Per definition, all endonasal procedures belong to the “clean-contaminated” risk category since the surgical pathway is accessed through the nasal and paranasal sinus’ mucosa. This is the main reason why the choice of antibiotic prophylaxis in transnasal neurosurgery may differ from that of other cranial interventions. A different spectrum of potential pathogens is to be expected and requires an adapted antibiotic prophylaxis. In standard cranial surgery, it is sufficient for an antibiotic prophylaxis to cover for Gram-positive bacteria including MRSA. In endoscopic endonasal skull base surgery (EESBS), the presence of Gram-positive or Gram-negative bacteria, MRSA, or anaerobe bacteria in the nasal cavity and the paranasal sinuses must be considered when choosing an adapted antibiotic prophylaxis. Yet, is there room for a personalized antibiotic prophylaxis according to preoperative nasal or rectal swabs on a routine basis rather than an empirically adapted prophylaxis?
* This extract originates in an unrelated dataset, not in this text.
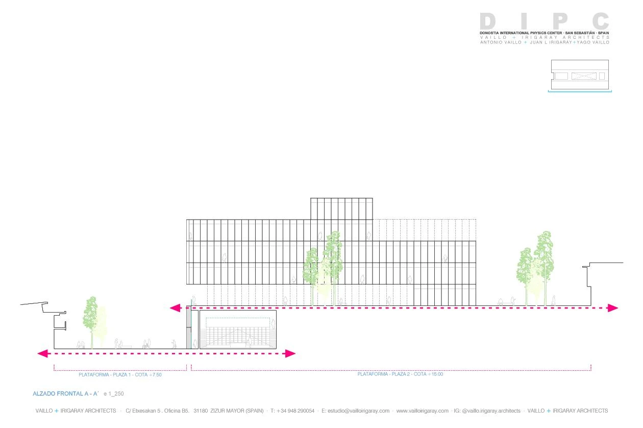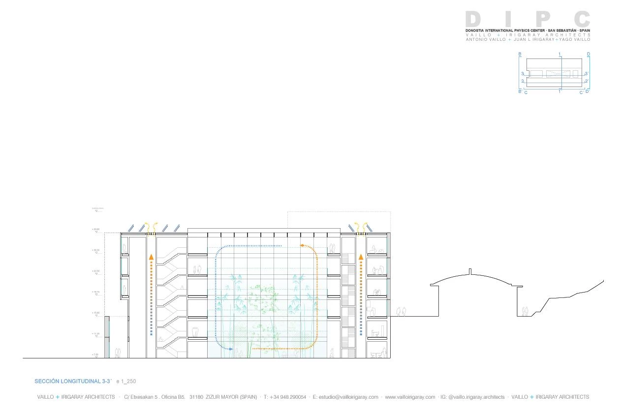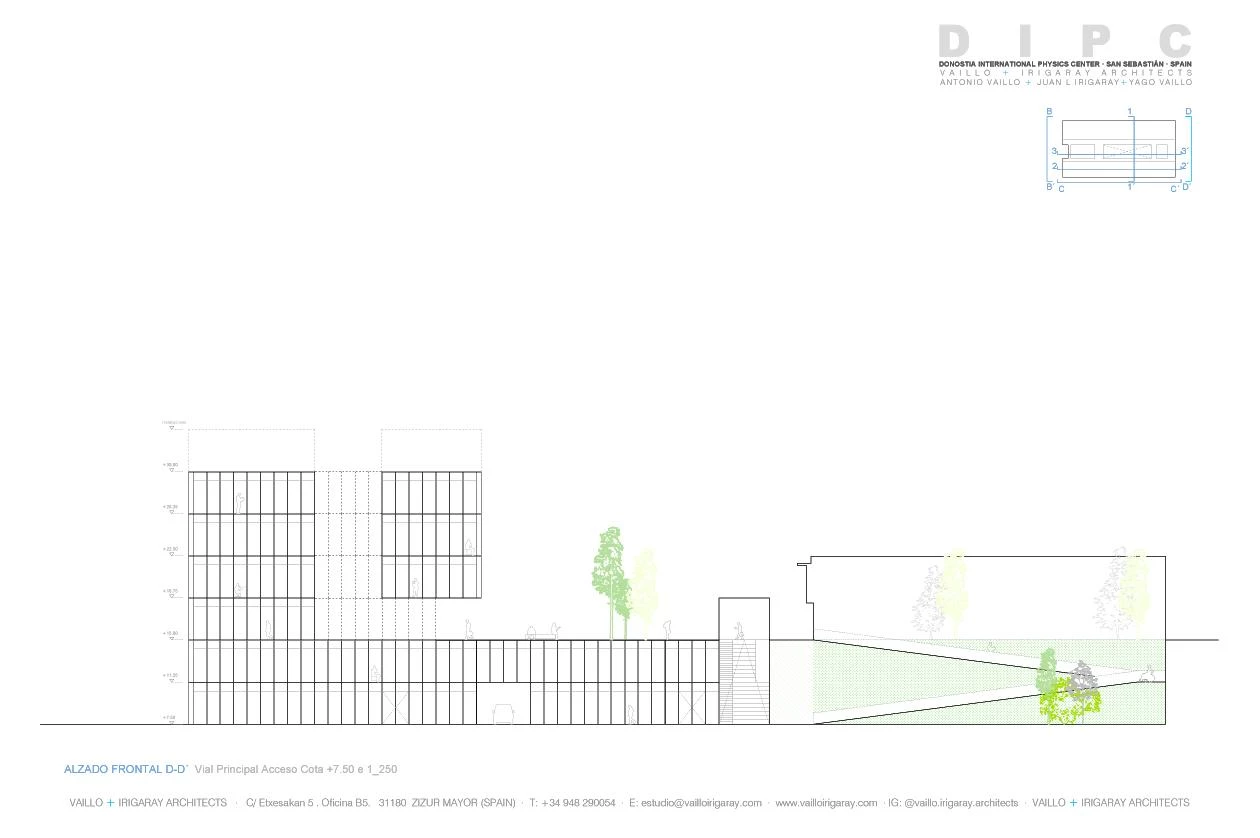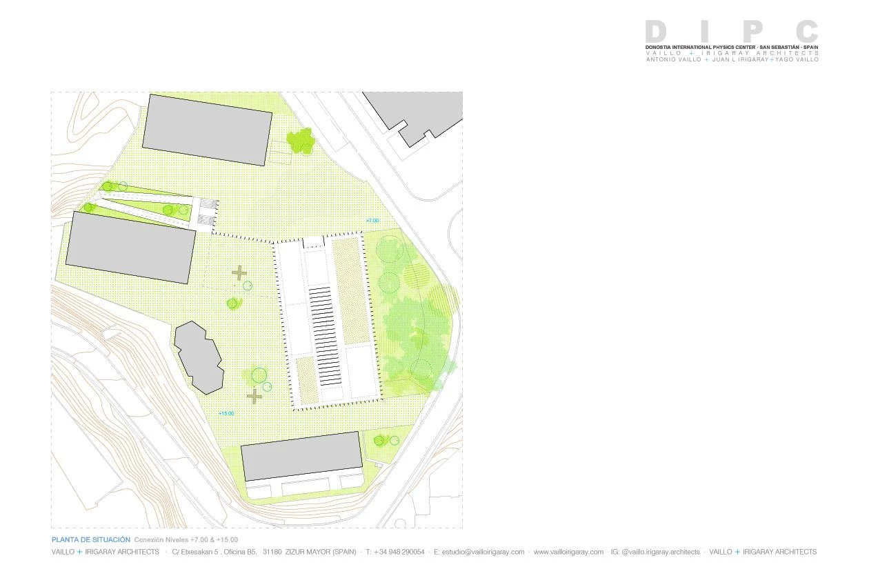 The firm Vaillo+Irigaray Architects has won the competition to give the Donostia International Physics Center (DIPC) a new building in San Sebastián. The research center wants a unique, immediately recognizable image that will also serve to organize the current premises, consisting of four buildings on a site with a steep slope.

While a study from 2020 seems to favor such an approach, it fails to prove a benefit of such a personalized prophylaxis [2]. While such a prophylactic regime seems to be safe and effective, it is cumbersome, and in the case of that study, it has the disadvantage of employing vancomycin which serves as a first choice therapeutic in infections with MRSA. Theoretically, an adapted prophylaxis based on empirical data with a single-dose or ultra-short antibiotic prophylaxis with fusidic acid plus metronidazole should provide an equally effective safeguard against the vast majority of pathogens to be expected in EESBS including MRSA.

Cranioplasty

Cranioplasty with or without autologous material is another intervention with notoriously high infection rates which came to the attention of those favoring a personalized rather than empirically adapted antibiotic prophylaxis. A study from 2020 addresses the issue of a personalized antibiotic prophylaxis taking preoperative swabs from the scalp and employing vancomycin in the presence of MRSA [7]. Once again, this personalized prophylaxis led to a significant reduction in postoperative site infections, but the routine prophylaxis with cefazolin to which the personalized prophylaxis was compared was probably from an empirical point of view not an ideal choice. Also in this case, an empirically adapted prophylaxis with fusidic acid for all patients may have solved the problem by covering for the expected Gram-positive pathogens including MRSA and at the same time avoiding the use of vancomycin which may serve as a first-line therapeutic.

Conclusion

A personalized antibiotic prophylaxis guided by preoperative swabs is certainly effective in EESBS and cranioplasty, but is it really necessary? The application of an adapted antibiotic prophylaxis to all patients undergoing the same intervention guided by empirical data covering for the expected pathogens and avoiding potential first-line therapeutics may possibly be the better choice. Such a regime has the advantage of eliminating the risk of wrongly applied antibiotics to individual patients undergoing the same intervention in an everyday clinical setting. It would favor the application of (i) fusidic acid in cranial neurosurgery in general including cranioplasty and (ii) fusidic acid plus metronidazole in cranial neurosurgery involving nasal and paranasal access pathways. Any future study on personalized antibiotic prophylaxis guided by preoperative swabs should include a study arm with an adequately chosen, empirically adapted regime, e.g., of this kind which probably fits the vast majority of patients rather than including study arms of less appropriately selected regimes as it has been done recently.